Went to my local Home Depot Today to get a couple keys made. 

I noticed something odd, all of the snow blowers that they normally keep in the store were completely sold out and they were completely out of stock.

They only have the large models that they keep outside. 

We have had several snows early already this season so it’s no surprise.

I went over to the clearance section like I normally do and I noticed they had some Toro 38261 oem rotor and hardware kits on clearance

These are the kits that come complete with 2 one paddles, all of the hardware lock nuts, bolts, etc. 

They had them on clearance for $17.01 ea. 

A great price, But I know how my Home Depot works. If they have something on the clearance rack and it doesn’t sell that week they mark it down again. 
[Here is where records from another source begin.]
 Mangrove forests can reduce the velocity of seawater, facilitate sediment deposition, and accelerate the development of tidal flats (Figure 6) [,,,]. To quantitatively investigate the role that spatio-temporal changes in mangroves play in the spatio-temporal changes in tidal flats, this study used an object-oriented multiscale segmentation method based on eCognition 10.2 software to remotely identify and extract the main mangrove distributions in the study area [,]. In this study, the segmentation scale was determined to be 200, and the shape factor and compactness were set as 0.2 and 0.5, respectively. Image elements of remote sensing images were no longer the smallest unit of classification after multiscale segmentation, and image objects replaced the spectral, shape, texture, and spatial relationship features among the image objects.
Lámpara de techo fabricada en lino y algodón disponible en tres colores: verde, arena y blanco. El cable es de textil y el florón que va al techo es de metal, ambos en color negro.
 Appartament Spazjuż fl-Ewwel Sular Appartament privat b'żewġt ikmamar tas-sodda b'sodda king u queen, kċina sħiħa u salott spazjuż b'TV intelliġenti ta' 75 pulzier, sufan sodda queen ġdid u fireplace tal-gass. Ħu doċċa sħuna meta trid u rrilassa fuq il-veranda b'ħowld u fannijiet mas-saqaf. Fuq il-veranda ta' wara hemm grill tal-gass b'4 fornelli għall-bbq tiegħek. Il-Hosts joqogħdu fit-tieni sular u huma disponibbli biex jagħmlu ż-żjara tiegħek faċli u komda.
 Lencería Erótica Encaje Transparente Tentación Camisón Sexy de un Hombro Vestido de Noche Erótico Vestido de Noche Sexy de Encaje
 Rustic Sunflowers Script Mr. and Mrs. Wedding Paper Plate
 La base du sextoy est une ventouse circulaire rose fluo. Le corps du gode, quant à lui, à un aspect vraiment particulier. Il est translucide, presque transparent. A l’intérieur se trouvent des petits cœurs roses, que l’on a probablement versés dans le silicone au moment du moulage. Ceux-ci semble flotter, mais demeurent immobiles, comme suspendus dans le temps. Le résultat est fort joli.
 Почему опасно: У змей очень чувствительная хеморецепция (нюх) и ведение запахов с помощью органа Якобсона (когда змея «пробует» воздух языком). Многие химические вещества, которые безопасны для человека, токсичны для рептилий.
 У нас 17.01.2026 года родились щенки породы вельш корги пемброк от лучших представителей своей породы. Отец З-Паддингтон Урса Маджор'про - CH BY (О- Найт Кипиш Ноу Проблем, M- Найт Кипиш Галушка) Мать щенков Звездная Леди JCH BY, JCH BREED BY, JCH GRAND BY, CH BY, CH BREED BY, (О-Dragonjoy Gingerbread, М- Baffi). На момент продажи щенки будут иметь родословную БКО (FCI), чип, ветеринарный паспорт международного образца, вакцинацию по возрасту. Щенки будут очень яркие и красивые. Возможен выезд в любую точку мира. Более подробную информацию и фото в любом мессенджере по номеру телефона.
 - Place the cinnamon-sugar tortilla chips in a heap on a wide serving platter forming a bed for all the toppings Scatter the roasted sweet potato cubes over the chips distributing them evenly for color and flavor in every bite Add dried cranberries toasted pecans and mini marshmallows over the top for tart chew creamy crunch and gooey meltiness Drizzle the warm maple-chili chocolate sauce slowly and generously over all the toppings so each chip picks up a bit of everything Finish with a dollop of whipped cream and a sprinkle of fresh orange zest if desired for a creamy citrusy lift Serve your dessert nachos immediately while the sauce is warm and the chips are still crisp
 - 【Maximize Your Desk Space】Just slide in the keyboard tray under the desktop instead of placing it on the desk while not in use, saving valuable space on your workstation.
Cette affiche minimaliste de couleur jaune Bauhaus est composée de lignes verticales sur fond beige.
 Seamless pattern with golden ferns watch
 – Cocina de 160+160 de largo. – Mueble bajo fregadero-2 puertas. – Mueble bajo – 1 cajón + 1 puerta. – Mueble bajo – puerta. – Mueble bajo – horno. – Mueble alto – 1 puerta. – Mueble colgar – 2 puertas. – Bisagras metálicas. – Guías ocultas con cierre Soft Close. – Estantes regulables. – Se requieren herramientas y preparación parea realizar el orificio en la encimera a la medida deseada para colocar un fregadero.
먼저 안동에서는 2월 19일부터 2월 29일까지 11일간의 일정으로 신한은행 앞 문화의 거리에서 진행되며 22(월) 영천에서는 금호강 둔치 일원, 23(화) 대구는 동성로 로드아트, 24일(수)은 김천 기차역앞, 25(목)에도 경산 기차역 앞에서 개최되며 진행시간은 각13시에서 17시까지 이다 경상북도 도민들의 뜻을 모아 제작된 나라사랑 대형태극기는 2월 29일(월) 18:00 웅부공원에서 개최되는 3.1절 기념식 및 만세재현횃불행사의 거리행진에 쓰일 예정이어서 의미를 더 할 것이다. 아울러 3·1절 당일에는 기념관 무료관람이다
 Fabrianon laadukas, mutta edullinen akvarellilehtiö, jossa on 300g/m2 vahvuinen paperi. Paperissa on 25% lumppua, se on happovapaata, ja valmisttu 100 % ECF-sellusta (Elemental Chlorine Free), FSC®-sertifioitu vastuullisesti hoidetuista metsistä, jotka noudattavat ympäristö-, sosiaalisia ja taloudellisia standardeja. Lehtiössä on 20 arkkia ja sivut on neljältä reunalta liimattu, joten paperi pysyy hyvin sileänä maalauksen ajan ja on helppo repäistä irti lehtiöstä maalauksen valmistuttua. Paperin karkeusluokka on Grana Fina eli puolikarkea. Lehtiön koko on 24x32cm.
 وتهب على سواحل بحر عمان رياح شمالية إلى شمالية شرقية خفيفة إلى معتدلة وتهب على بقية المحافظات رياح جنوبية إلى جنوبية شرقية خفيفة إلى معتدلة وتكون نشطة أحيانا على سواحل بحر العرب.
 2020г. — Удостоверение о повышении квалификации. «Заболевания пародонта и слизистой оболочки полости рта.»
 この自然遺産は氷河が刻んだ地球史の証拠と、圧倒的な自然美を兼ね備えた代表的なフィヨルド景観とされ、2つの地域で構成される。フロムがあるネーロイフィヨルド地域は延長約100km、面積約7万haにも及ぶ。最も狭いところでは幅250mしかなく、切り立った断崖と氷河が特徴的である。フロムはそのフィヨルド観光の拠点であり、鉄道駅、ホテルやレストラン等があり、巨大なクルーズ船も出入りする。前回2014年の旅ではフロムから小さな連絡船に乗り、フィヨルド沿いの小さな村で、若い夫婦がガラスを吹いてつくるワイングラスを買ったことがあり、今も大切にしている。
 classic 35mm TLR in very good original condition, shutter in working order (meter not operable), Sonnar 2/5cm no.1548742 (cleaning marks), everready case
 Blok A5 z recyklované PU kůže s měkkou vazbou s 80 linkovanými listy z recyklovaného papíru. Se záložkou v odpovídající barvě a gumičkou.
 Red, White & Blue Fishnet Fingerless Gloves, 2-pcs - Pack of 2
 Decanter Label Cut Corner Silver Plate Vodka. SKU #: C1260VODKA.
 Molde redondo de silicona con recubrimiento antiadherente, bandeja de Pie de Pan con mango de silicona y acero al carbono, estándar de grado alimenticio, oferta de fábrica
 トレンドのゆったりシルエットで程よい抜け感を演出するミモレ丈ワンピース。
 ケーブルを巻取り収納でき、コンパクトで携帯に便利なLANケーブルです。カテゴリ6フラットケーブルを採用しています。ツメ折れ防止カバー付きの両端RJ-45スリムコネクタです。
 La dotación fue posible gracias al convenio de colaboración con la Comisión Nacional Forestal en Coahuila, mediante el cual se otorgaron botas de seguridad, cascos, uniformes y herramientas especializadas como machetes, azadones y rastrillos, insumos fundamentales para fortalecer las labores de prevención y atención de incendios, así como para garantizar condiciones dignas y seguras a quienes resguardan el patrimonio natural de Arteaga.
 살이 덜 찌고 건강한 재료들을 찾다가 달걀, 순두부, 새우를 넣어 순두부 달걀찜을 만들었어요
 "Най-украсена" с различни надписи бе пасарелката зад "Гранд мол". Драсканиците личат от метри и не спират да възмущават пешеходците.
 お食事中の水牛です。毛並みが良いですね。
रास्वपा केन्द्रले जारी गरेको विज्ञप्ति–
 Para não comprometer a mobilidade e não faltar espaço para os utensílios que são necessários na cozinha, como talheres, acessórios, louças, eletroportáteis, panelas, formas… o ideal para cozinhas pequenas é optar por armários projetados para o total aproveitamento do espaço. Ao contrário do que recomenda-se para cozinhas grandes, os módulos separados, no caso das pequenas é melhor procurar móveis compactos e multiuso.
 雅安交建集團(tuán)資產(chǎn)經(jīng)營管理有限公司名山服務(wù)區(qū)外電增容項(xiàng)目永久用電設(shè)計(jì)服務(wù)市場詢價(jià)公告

I went to one of the associates that I recognized and I spoke to her and I asked her if she could knock them down to $12 each I would buy all 3 sets. She got out a piece of paper and wrote down the SKU number, and wrote $10 each. Told me to bring it to customer service and I was going to buy each set for $10 each, not the $12 that I had offered.

I recently sold my Toro qze 721 after owning it for three years. It’s still had the original paddles on it after three years and they were in good shape.

My new Toro QZE 821 has the same paddles.

If these last 3 years like the paddles on my 721, and I just purchased 3 sets today, I’ve got at least 12 years worth of paddles in stock, assuming my originals last 3 years.

I’m happy!


----------



## Dauntae (Nov 10, 2016)

You may have to keep this one for 12 years then LOL Even old toys new to me are new toys.


----------